Only an exact copy is wanted: the lines from the one holding "大きすぎると歯肉を傷つけてし" through the last line below, minus the pictures.

*** Opening ENTRIES SHOWN ***

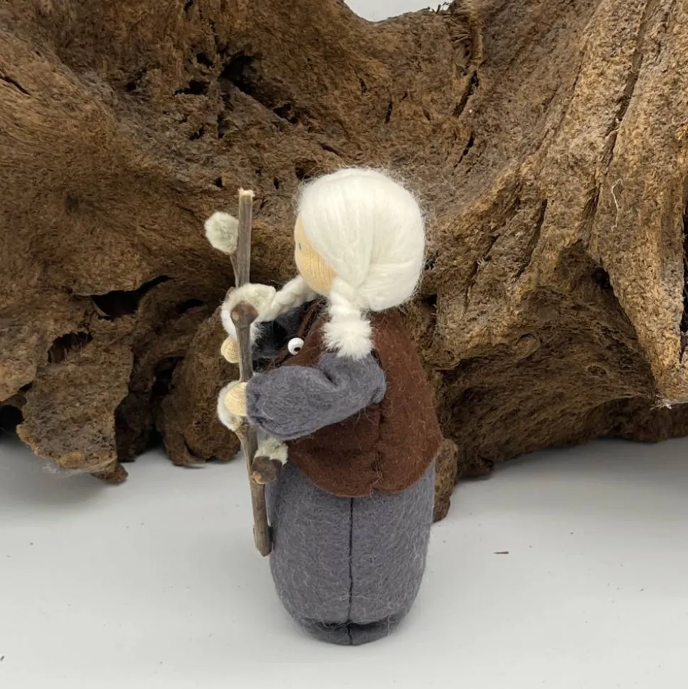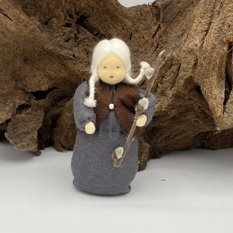 Das Püppchen ist unten geschlossen und für einen guten Stand unten mit feinem Dekokies und der Rest mit reiner Schurwolle gefüllt.
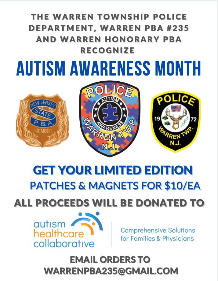 The Warren Township PBA Local #235 is selling limited-edition patches and magnets for $10 each throughout April. All proceeds will benefit the Autism Healthcare Collaborative.
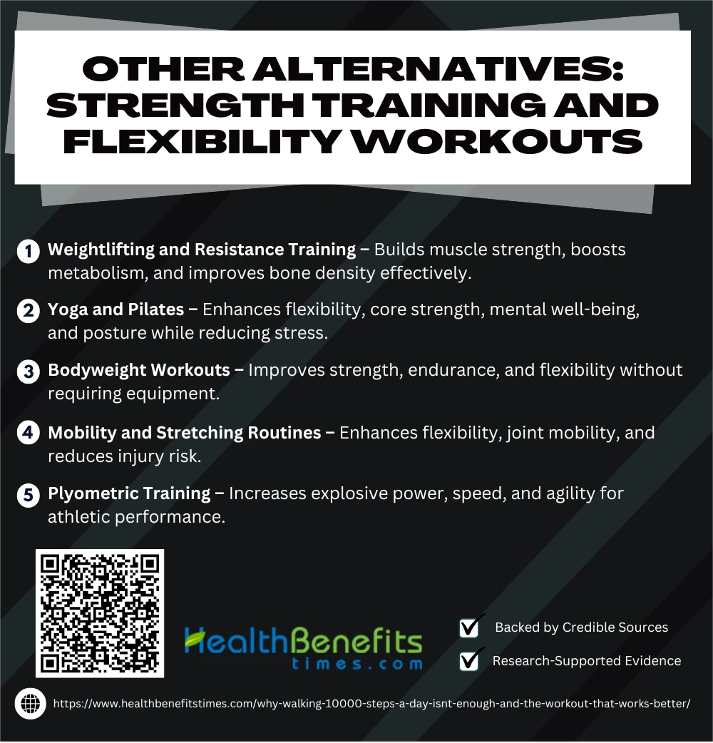 If you’re looking for alternatives beyond walking, strength training and flexibility workouts offer significant benefits. Here are five alternatives:
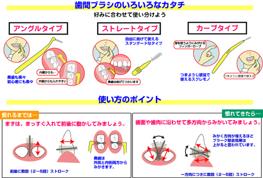 大きすぎると歯肉を傷つけてしまい、小さすぎると清掃効率が悪くなります。針金が引っかからずに通る範囲で、なるべく太いものを選ぶと良いです。奥歯についてはまっすぐなストレートタイプよりも柄が曲がったアングルタイプが使いやすいです。
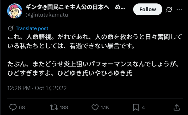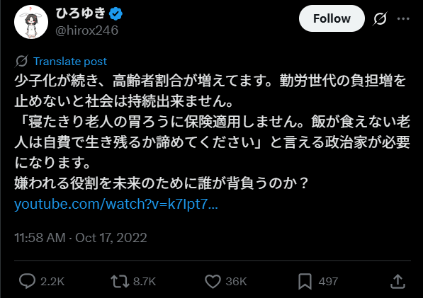 ひろゆきさんはネット掲示板「2ちゃんねる」の創設者でもある実業家。彼は医療費ひっ迫という社会問題に対して過激発言をしたことにより物議を醸し出しています。
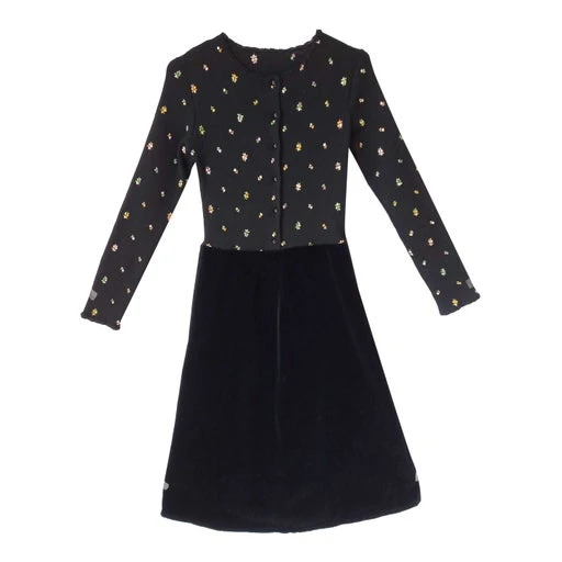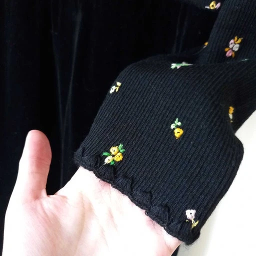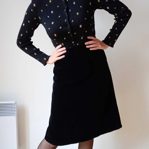 Robe des années 70, le bas est en velours noir et le haut extensible est brodé de fleurs minuscules.

*** Closing ENTRIES SHOWN ***

_FINISHED EXERCISE_.
 大きすぎると歯肉を傷つけてしまい、小さすぎると清掃効率が悪くなります。針金が引っかからずに通る範囲で、なるべく太いものを選ぶと良いです。奥歯についてはまっすぐなストレートタイプよりも柄が曲がったアングルタイプが使いやすいです。
 ひろゆきさんはネット掲示板「2ちゃんねる」の創設者でもある実業家。彼は医療費ひっ迫という社会問題に対して過激発言をしたことにより物議を醸し出しています。
 Robe des années 70, le bas est en velours noir et le haut extensible est brodé de fleurs minuscules.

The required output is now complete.